Closed bhearsum closed 5 months ago
@La0 discovered that this was introduced by https://github.com/mozilla/firefox-translations-training/pull/500, which I believe is the (new) longest named task that also contains the dataset name. Some adjustments in https://github.com/mozilla/firefox-translations-training/blob/main/taskcluster/translations_taskgraph/util/dataset_helpers.py ought to fix this. cc @gregtatum
Hmm... I guess it would be nice to figure out a way to express this in terms of a custom name for the data sets like dataset-custom_catalan_mono_corpus
rather than derive it from a URL, which could have duplicate filenames.
The initial idea of this importer was to specify any URL or file path and get the dataset from there. Now we don't think much about compatibility with Snakemake and it's unlikely that we'll use any unsupported external sources beyond our GCP bucket. Also this label is being used a lot more than in the old Snakemake pipeline. So I propose to simplify this importer and make it similar to the others like OPUS. Basically we would have an expected structure on GCP bucket and would specify only the dataset name. For example:
gs://releng-translations-dev/data/ru-en/pytest-dataset.zst
would correspond to
datasets:
train:
gcp_pytest-dataset
The Taskcluster label then would be dataset-gcp_pytest-dataset-ru-en
We can also implement it as a separate importer as id does a slightly different thing.
If we want to preserve the URL importer we can specify a base URL separately as a config option and use only the file name in the datasets
and in the label. Then we can still use other URLs but I don't know if it's useful now. Maybe if/when some external people that don't access to the GCP bucket would want to train on their own datasets.
Another instance of this issue: https://firefox-ci-tc.services.mozilla.com/tasks/QOikHCOqSdKc3kJQYqnnBA/runs/0/logs/public/logs/live.log. We should fix it.

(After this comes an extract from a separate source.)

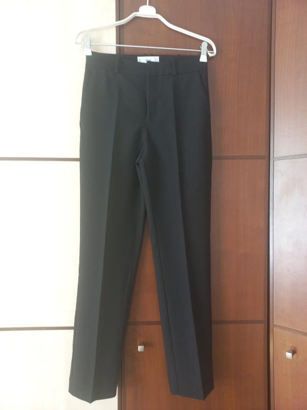 классические прямые брюки со стрелками, по бокам есть карманы. Длина по внешнему шву 97 см, длина по внутреннему шву 70 см, ПОТ 34 см, ПОБ 42 см, от талии до паха 30 см.

Right now, these tasks have labels like:
dataset-url-https_storage_googleapis_com_releng-translations-dev_data_en-ru_pytest-dataset__LANG__zst-ru-en
-- which have a lot of unnecessary information IMO. More pressingly, because task labels are included in cached task routes, we bump up against the 249 character limit for route keys if the URL (or even a branch name) is too long.I suggest we shrink this down to the filename only, or if strictly necessary, the leading directory (which is the locale pair).
@eugene - any thoughts?